## INFORMATION SUPPLIED

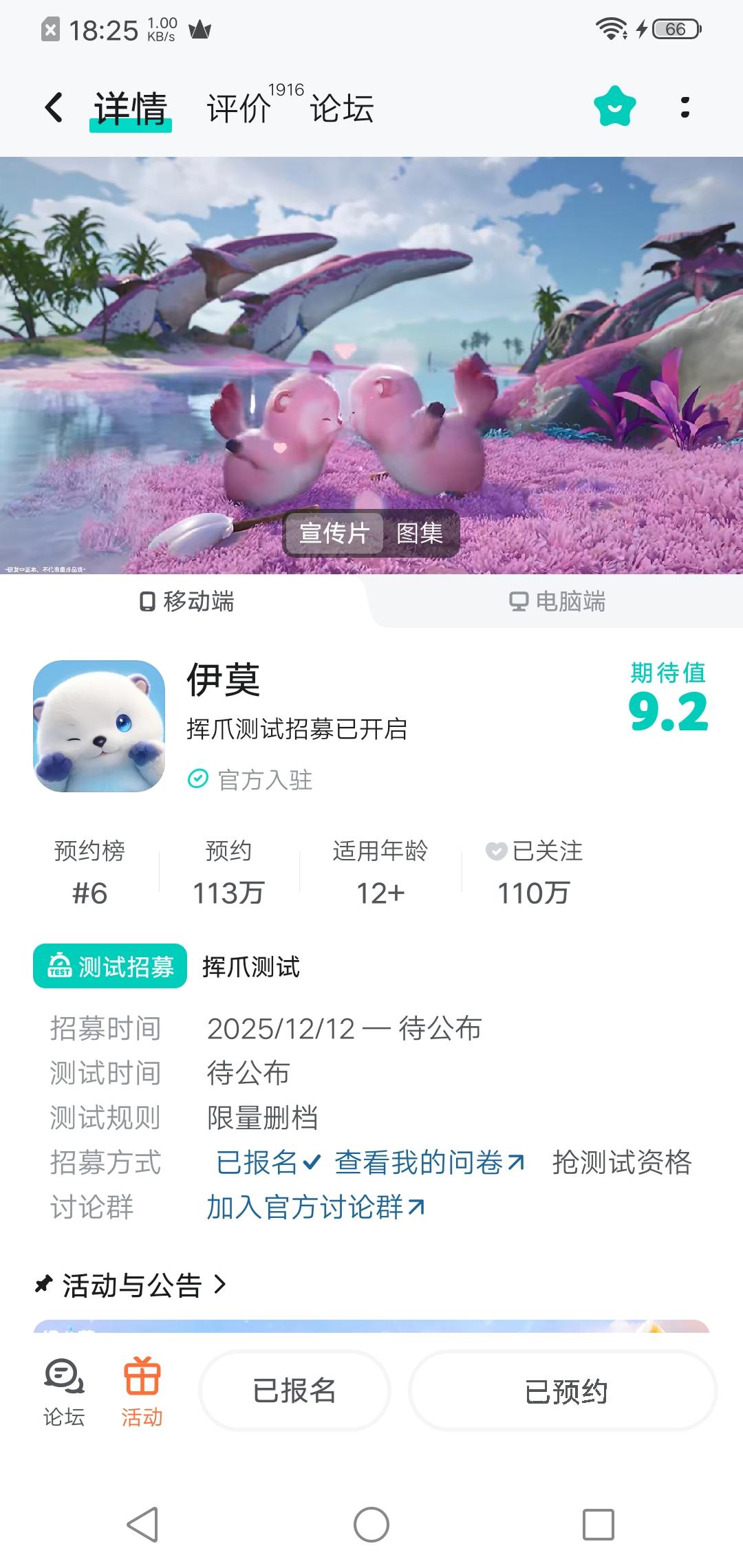 🎉冒险家们久等啦,《伊莫》版号今日正式获批,感谢大家的支持,让我们携手期待这段奇幻冒险旅程的开始吧૮₍ ˃̶ ꇴ ˂̶ ₎ა 📃挥爪测试正在招募中,点击测试预约,填写问卷即有机会获得测试资格。预约还可获得公测上线专属奖励“羞羞獭神秘蛋”~冒险家,我们艾德尔大陆见!#伊莫 #aniimo #伊莫挥爪测试 #有伊莫不emo
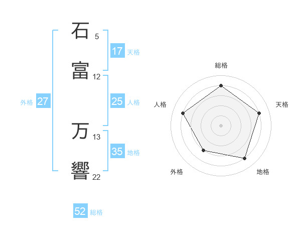 石富 万響さんの総格は52画の4点!
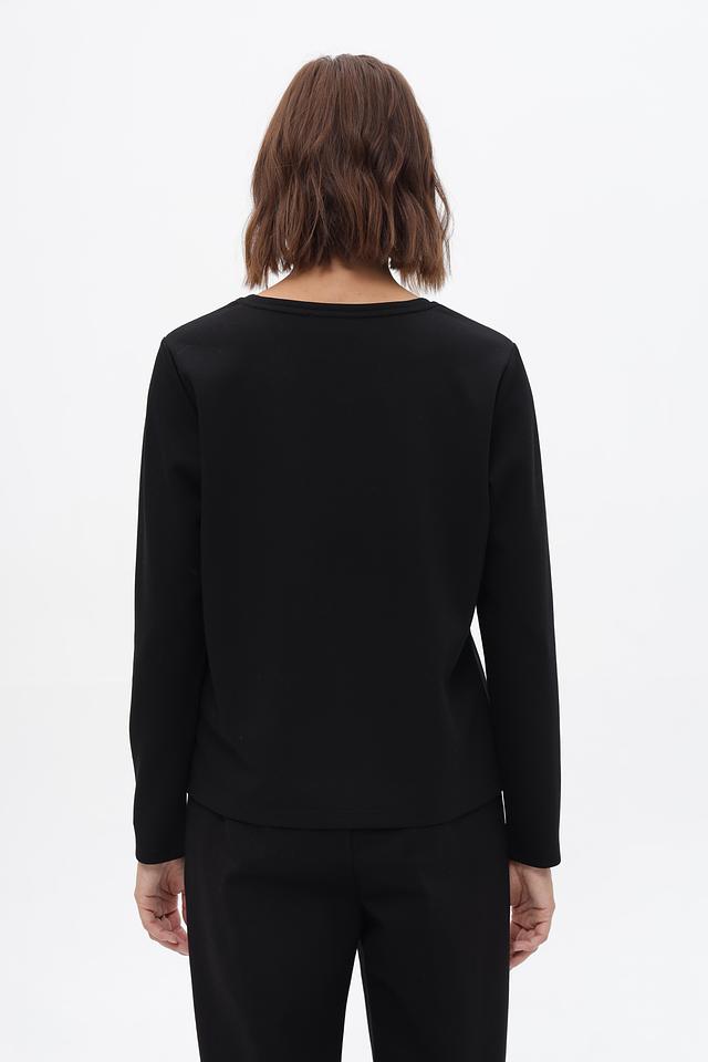 Чёрный пуловер Monari с надписью "Montana Spirit" и логотипом. Изготовлен из мягкой смеси полиэстера, вискозы и эластана, обеспечивающей комфорт и удобство в носке. Состав: полиэстер 55%, вискоза 38%, эластан 7%
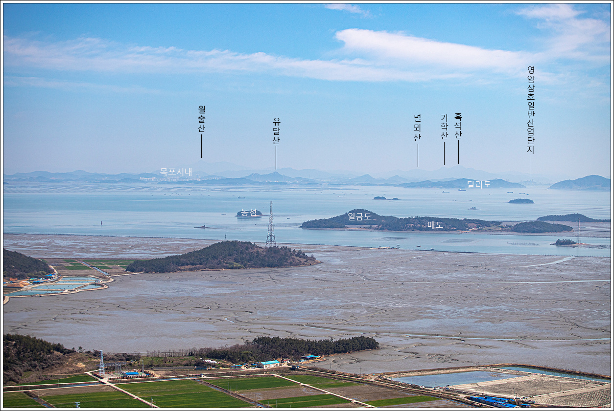 ▽ 동쪽 방향으로 앞에 박달산이 자리하고 왼쪽 멀리 매화도와 가운데 송공산, 오늘쪽 멀리는 자그맣게 목포의 유달산, 그 뒤로 희미하나마 영암의 월출산이 보인다.
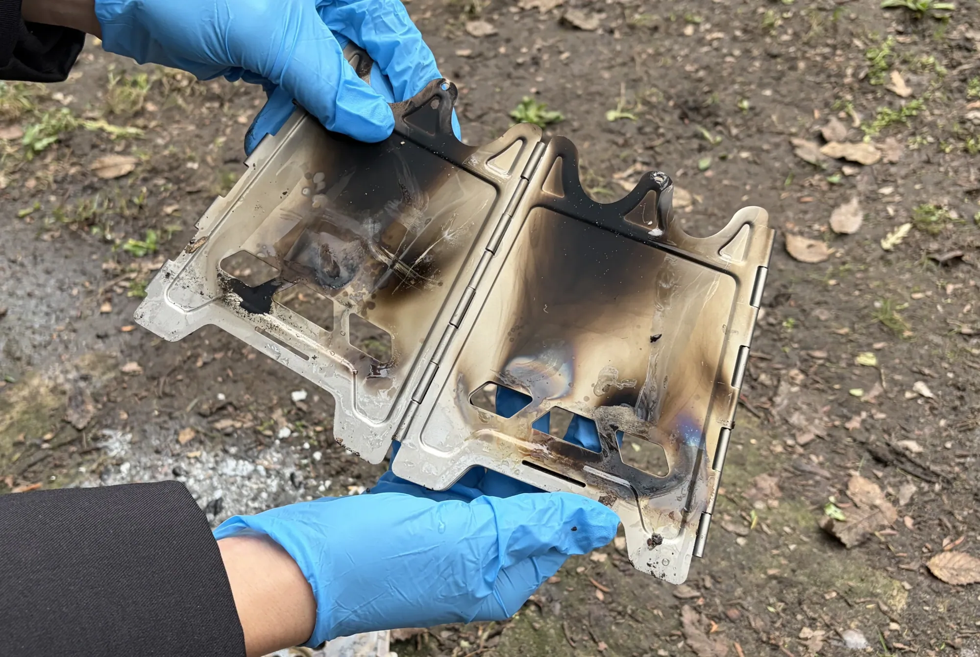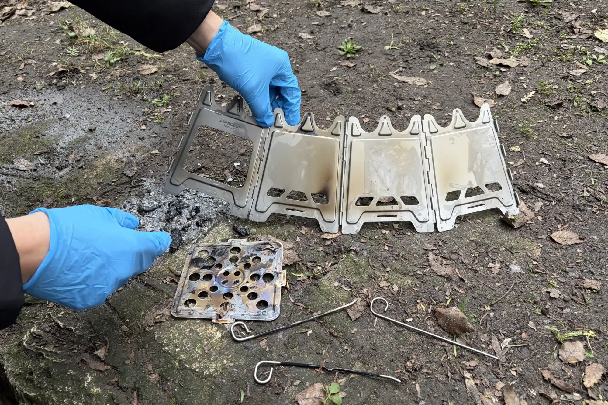 Miután végeztetek a főzéssel jöhet az elpakolás. Az Astrolux Ti-BS1 kempingtűzhely készítői erre sem igazán készültek fel. Nem elég, hogy az oldalára és a belsejébe ragadt hamutól tiszta korom lesz a kezetek, de még az állítólagos „titánium” anyagból készült hamutálca is elferdül a hő hatására és talán a rögzítőpálcák is némiképp meghajlanak.

## PROBLEM DETAILS
The copy starts at the line holding "石富 万響さんの総格は52画の4点!" and ends at the last line of the records above. Transcribe those lines exactly, pictures excluded.

## RESULT
 石富 万響さんの総格は52画の4点!
 Чёрный пуловер Monari с надписью "Montana Spirit" и логотипом. Изготовлен из мягкой смеси полиэстера, вискозы и эластана, обеспечивающей комфорт и удобство в носке. Состав: полиэстер 55%, вискоза 38%, эластан 7%
 ▽ 동쪽 방향으로 앞에 박달산이 자리하고 왼쪽 멀리 매화도와 가운데 송공산, 오늘쪽 멀리는 자그맣게 목포의 유달산, 그 뒤로 희미하나마 영암의 월출산이 보인다.
 Miután végeztetek a főzéssel jöhet az elpakolás. Az Astrolux Ti-BS1 kempingtűzhely készítői erre sem igazán készültek fel. Nem elég, hogy az oldalára és a belsejébe ragadt hamutól tiszta korom lesz a kezetek, de még az állítólagos „titánium” anyagból készült hamutálca is elferdül a hő hatására és talán a rögzítőpálcák is némiképp meghajlanak.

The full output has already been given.